Another compelling aspect of DALL-E is the way it will try to solve a single problem in a variety of ways. For example, when I asked her to show me a “delicious cinnamon bun with googly eyes”, she had to figure out how to picture the eyes.

Sometimes DALL-E added a pair of plastic-looking eyes to a roll, as I would. Other times it created eyes from a negative space in the frost. And in one case it made the eyes out miniature cinnamon buns.

That was one of the times I cursed out loud and started laughing.

DALL-E is the most advanced image generation tool I’ve seen so far, but it’s far from the only one. I also experimented lightly with a similar tool called Midway, which is also in beta; Google has announced another, called Imagen, but has not yet let outsiders try it. A third tool, DALL-E Mini, has generated a series of viral images in recent days; it has nothing to do with OpenAI or DALL-E, however, and I imagine the developer will be hit with a termination letter soon.

OpenAI told me that it has not yet made any decisions on whether and how DALL-E will ever be available more generally. The aim of the current research beta is to show people using this technology, adapting both the tool and content policies as necessary.

And yet already, the number of use cases that artists have discovered for DALL-E is surprising. One artist uses DALL-E to create augmented reality filters for social programs. A chef in Miami is using it to get new ideas on how to cook his dishes. Ben Thompson wrote a predictive piece on how DALL-E could be used create extremely cheap environments and objects in the metaverse.

It is only natural, and appropriate, to worry about what such automation might do to professional illustrators. Many jobs may be lost. And yet I can’t help but think that tools like DALL-E could be useful in their workflows. What if they asked DALL-E to outline some concepts for them before they started, for example? The tool allows you to create variations of any image; I used it to suggest an alternative Platformer emblems:

I will stick with the logo I have. But if I were an illustrator, I could appreciate the alternate suggestions, even just for the inspiration.

It’s also worth considering what creative potential these tools can open up for people who would never think (or could afford) to hire an illustrator.

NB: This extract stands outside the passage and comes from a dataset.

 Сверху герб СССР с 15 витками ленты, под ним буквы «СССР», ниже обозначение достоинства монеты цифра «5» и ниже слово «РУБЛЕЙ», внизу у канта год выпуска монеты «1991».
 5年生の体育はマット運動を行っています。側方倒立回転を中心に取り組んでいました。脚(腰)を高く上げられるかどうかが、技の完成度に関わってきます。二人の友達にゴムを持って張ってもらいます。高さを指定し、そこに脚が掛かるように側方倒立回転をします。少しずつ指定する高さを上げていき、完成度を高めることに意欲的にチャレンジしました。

As a child I wrote my own comics, but my illustration skills never progressed very far. What if I could teach DALL-E to draw all my superheroes instead?

On the one hand, this doesn’t seem like the kind of tool most people would use every day. And yet I imagine that in the coming months and years we will find more and more creative applications of technology like this: in e-commerce, in social programs, at home and at work. For artists, it seems like it could be one of the most powerful tools for remixing a culture we’ve ever seen – assuming copyright issues are resolved. (It’s not entirely clear whether using AI to generate images of protected works is considered fair use or not, I’m told. If you want to see DALL-E’s treatment of “Batman eating a sandwich,” DM to me.)

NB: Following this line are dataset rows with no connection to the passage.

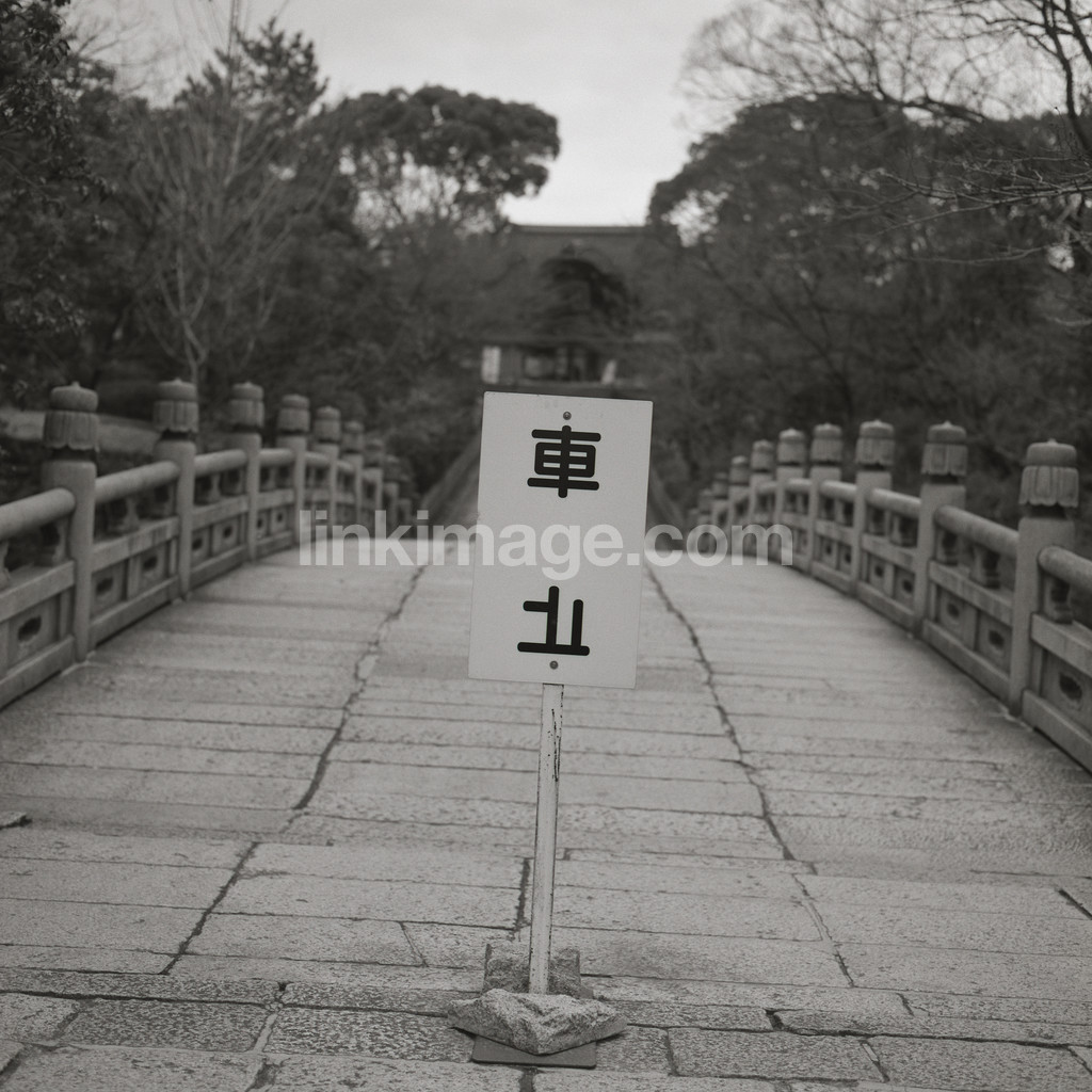 - bridge, sign, characters, japanese, text, house, country, tree, information, time
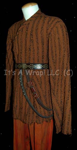 Description: A costume featured in the Star Trek: Enterprise episode and part of the three part “Syrrannite” story arc, “The Forge”; wherein costume consists of a lightly distressed, long-sleeved, brown shirt featuring black stripes, a textured, square pattern all long the garment, large, accessory buttons down the front and a wrap-around front that hides the real buttons underneath. Included are rust-colored, overall-style trousers with a vertical, bunched design and a metal-studded, leather belt featuring braided leather accents. A sewn in Enterprise tag reads ‘Jeff Doba 083’.
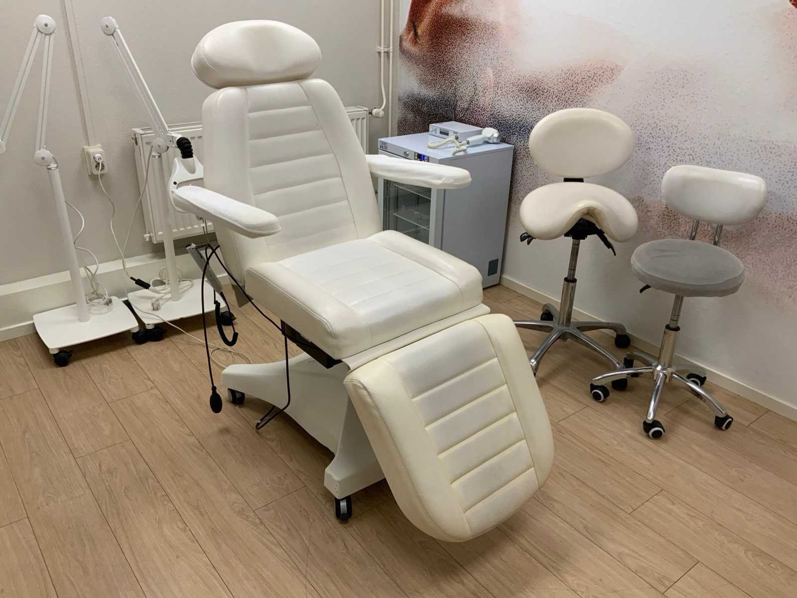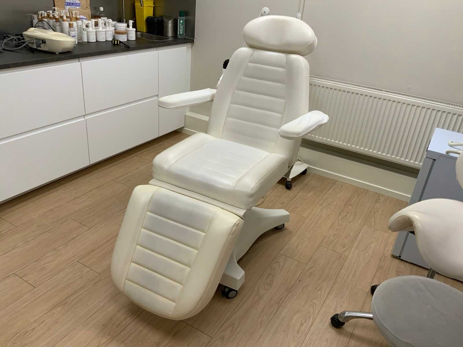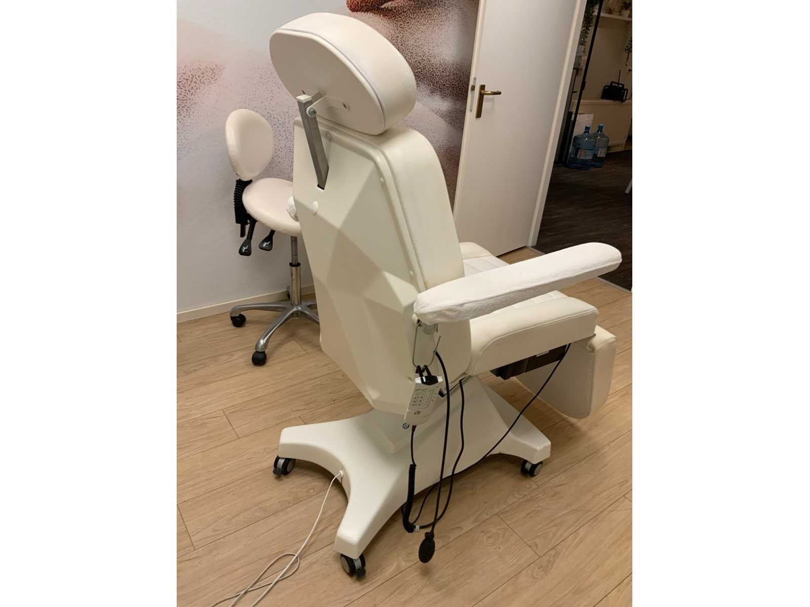 Elektrisch verstelbare behandelstoel voorzien van verwarming, uitneembare hoofdsteun en armleuningen Verrijdbaar Merk: Cosmoderm Model: D3M

I suspect we will also see some harmful applications of this tool. Although I am confident that OpenAI will implement strong policies against the misuse of DALL-E, similar tools will certainly emerge and take more access to content moderation. People are already creating malicious, often pornographic deep falsehoods harass their exes using the crude tools available today; that technology will only get better.

It often happens that when new technology comes along, we focus on its happier and more whimsical uses, just to ignore how it could be misused in the future. As much as I enjoy using DALL-E, I am also very concerned about what similar tools could do in the hands of less scrupulous companies.

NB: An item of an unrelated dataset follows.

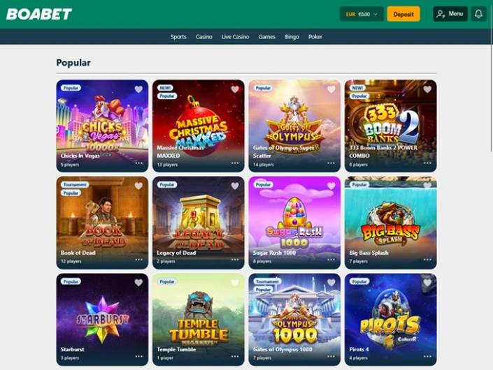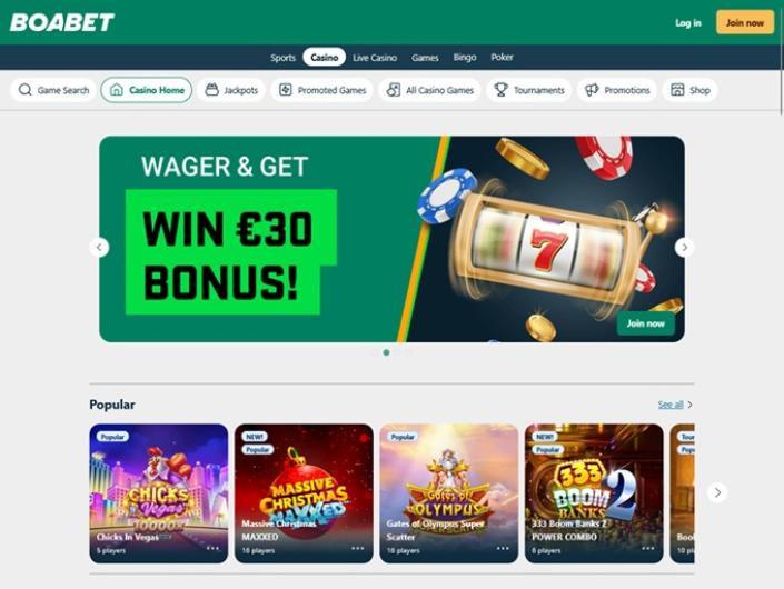 In Portuguese, the word boa means good, while in English, it's the name of a particular snake. Either way, Boa Bet online casino & sportsbook can proudly take both versions, as it appears to be a good gambling place and features a green color scheme, though no particular theme is evident.
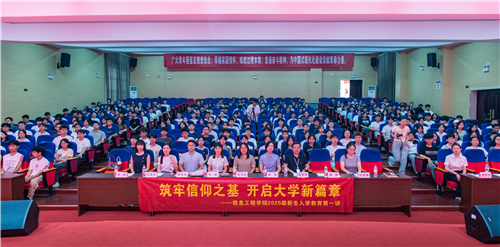 本网讯 “妈,我走了,救国如救火,待天下太平,儿再尽孝!”杨靖宇将军这深情而决绝的话语,穿越时空,叩击着每一位新生的心灵。在宣讲员真挚而坚定的讲述中,信息工程学院2025级新生入学教育第一课温情启幕。学院全体领导、学生党支部书记、新生辅导员、2025级全体新生参加大会。

It’s also worth thinking about what even positive uses of this technology could do on a scale. When most of the images we come across online are created by AI, what does that make to our sense of reality? How do we know that everything we see is real?

Today, DALL-E feels like a breakthrough in the history of consumer technology. The question is whether in a few years we will think of it as the beginning of a creative revolution, or something more critical. The future is already here, and it adds 1,000 users a week. The time to discuss its implications is now before the rest of the world gets their hands on it.